During lunch hour in the business areas of Seoul, the local shikdangs are packed with office workers. Eating out is pretty reasonable, but prices have been going up and people are looking for cheaper lunch options. So we have seen the rise of the doshirak lunch box.

Some diligent office workers manage to make their own doshirak at home every morning. A homemade lunch is probably healthier and definitely more convenient since you don’t have to go out and find somewhere to eat every day. So Mr. Kim recently announced that he too would like to take a doshirak for lunch. But since he isn’t diligent, I have to make it for him …


I bought a very snazzy (and expensive) Japanese thermos bento box with three containers one for soup, one for rice, and one for all those ‘delicious side dishes’ (leftovers in the fridge). And now I have entered the interesting world of doshirak culture.

The first thing I learned was that you have to use fried kimchi in a lunchbox otherwise the kimchi will stink out the whole bus or train carriage in the morning. So I cut up a load of kimchi into small pieces, fry it, and keep it in a container in the fridge ready to go. The next thing I learned was that it’s not just the taste that matters, the doshirak has to look nice, because other people are looking. And judging …me! I have heard of wives who DON’T want their husbands to take doshiraks to work for this very reason. They feel embarrassed that everyone will see what kind of food the family eats at home.

At first I pooh-poohed this idea. What do I care what people think? Am I defined by my doshirak? But then I had a disaster involving a boiled egg and vegetable salad. Mr Kim said the salad tasted nice but it looked TERRIBLE. It was all discoloured with the herbs and dressing. All the doshirak bringers sit around one table in his office so there were sneaky peeks at his sad lunch followed by looks of commiseration (and possibly mild disgust). Is everyone now feeling sorry for Mr Kim married to the foreigner who clearly can’t cook Korean food….

Mr Kim bravely announced that he is prepared to battle on with my doshiraks (but if I could just ‘make them look a bit better’ then that would be great ….. grrrrrr) When I agreed to this I didn’t realise I would have to make artistic dishes good enough for Instagram. But I’ll keep trying.


Chef Paik Jong Won advertises his range of doshirak at CU convenience Store


The alternative to making your own doshirak is buying one readymade. Apparently sales of doshirak have more than doubled in Korea this year compared to last year. All the big convenience store chains have a range of doshirak advertised by celebrities and celebrity chefs.
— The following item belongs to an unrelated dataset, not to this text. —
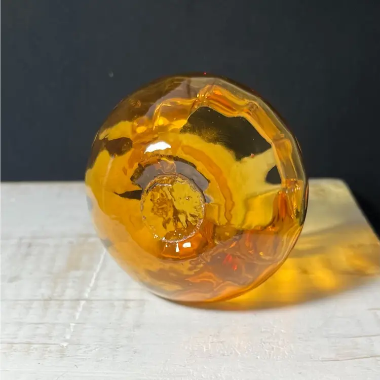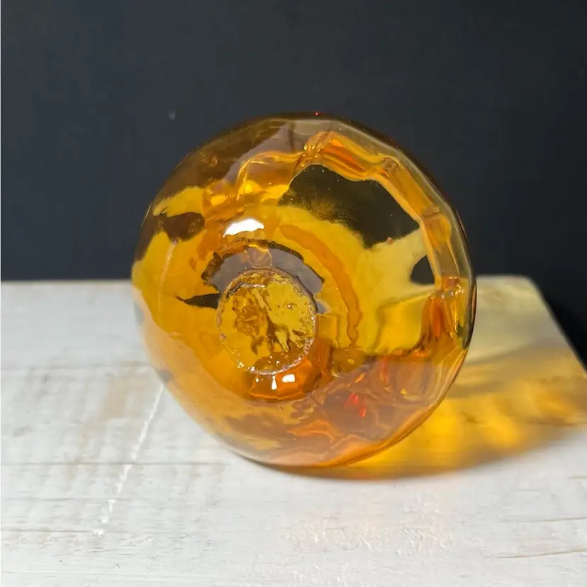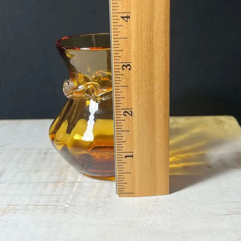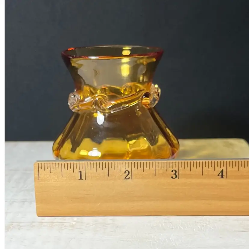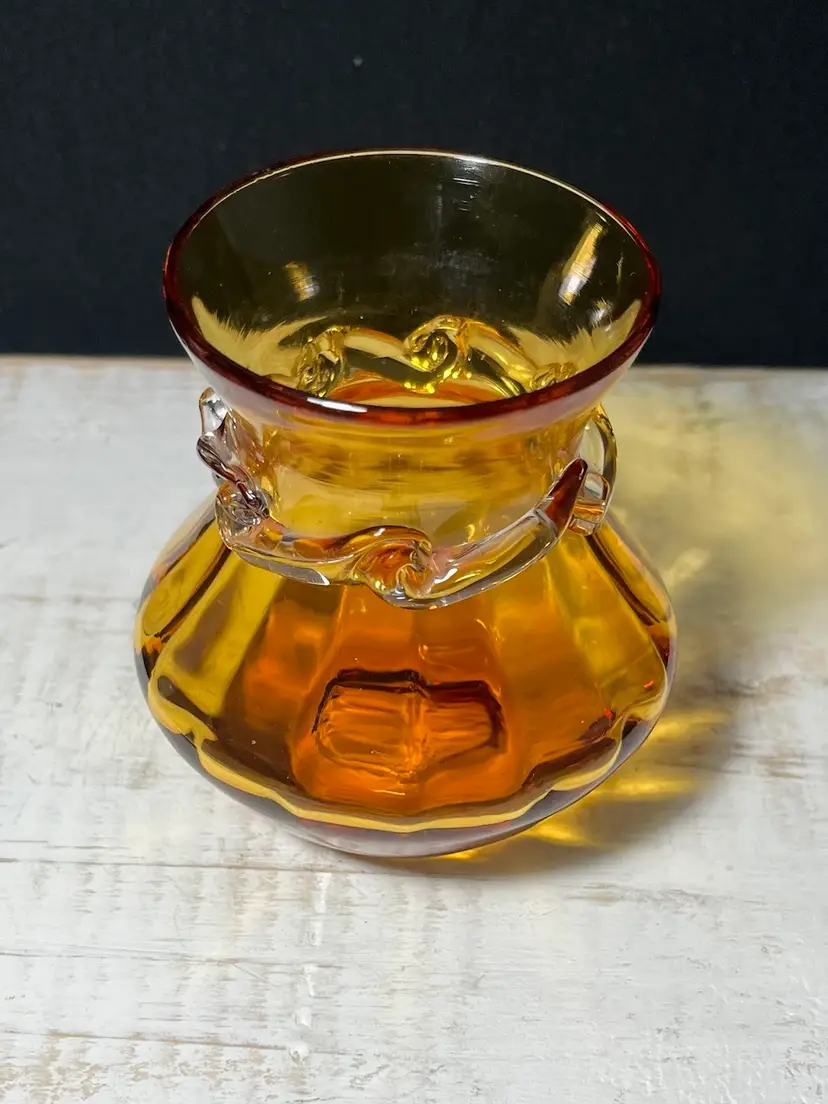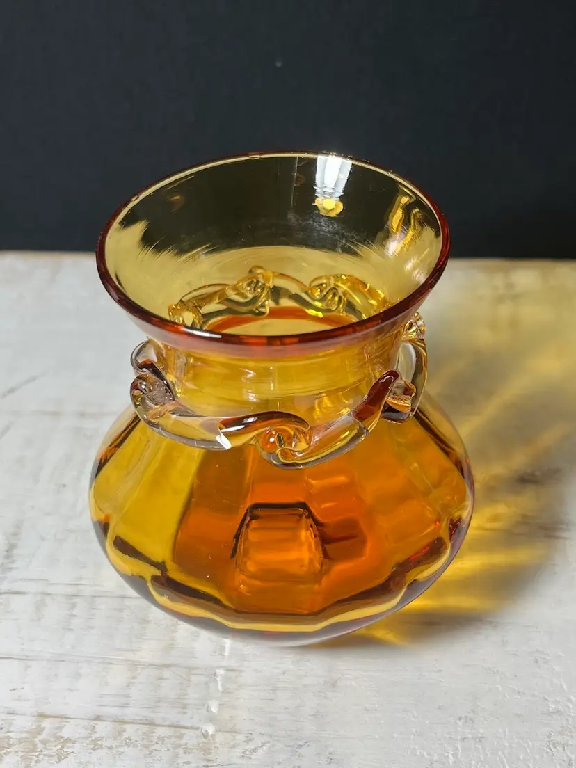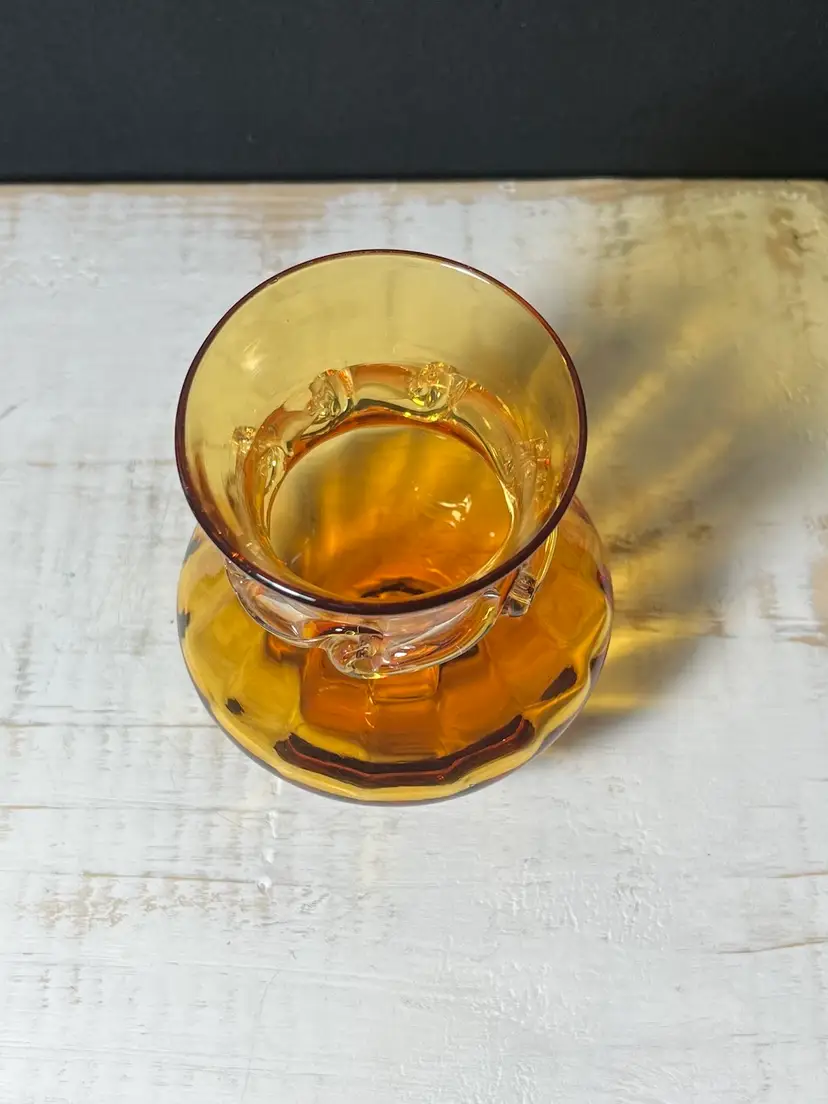 #1109 VTG Pilgrim Glass Mini Amber Vase With Swirl Collar. Measures 3.5” x3”. No chips or cracks.

The TV chef Paik Jong Won is SO popular these days. His face is everywhere. (see above) He is often on TV cookery shows, has several books on the best sellers list, owns a chain of restaurants and coffee shops, and has a popular range of doshirak at CU convenience store.

I bought his chip bap menu 52 cookery book when it was number 1 on the best seller’s list. He aims to make simple and quick recipes that even beginners can make. I tried several of his recipes and they are certainly tasty. However, I thought some of the measurements in the book were misprints because the amounts of sugar and soy sauce seemed so high. I used less and the dishes still tasted good. So it seems that the emphasis is on taste and not necessarily health. I usually just eat lunch at home if I can, but I wanted to try his doshirak. They look very good …

Baek jeong won

CU convenience store has a range of the chef’s rice ball (2,000 won) and a variety of doshirak. The spicy pork doshirak is the most popular, but I went for this chicken breast in spicy soy sauce, with sweet and sour prawn (and maybe meat) balls, egg, ham, fried courgette, and fried kimchi. (above) The dishes were very flavourful. Sometimes rice in a doshirak can get a bit stodgy but the rice was nicely cooked too.

The doshiraks aim to be tasty, filling, and value for money and they certainly achieve this. At 3,900 won, the meal is very cheap and great value. You can have it microwaved in the convenience store before taking it back to the office. But as I mentioned, his recipes are meant to be tasty and so they don’t hold back on soy sauce or sugar – the chicken sauce, the sweet and sour sauce, and the fried egg omelet all tasted quite sweet. Really good. But sweet. Also there is no nutritional information on the box apart from a general list of ingredients. But still, I think a readymade doshirak can sometimes make a great alternative to eating out for lunch on a busy day.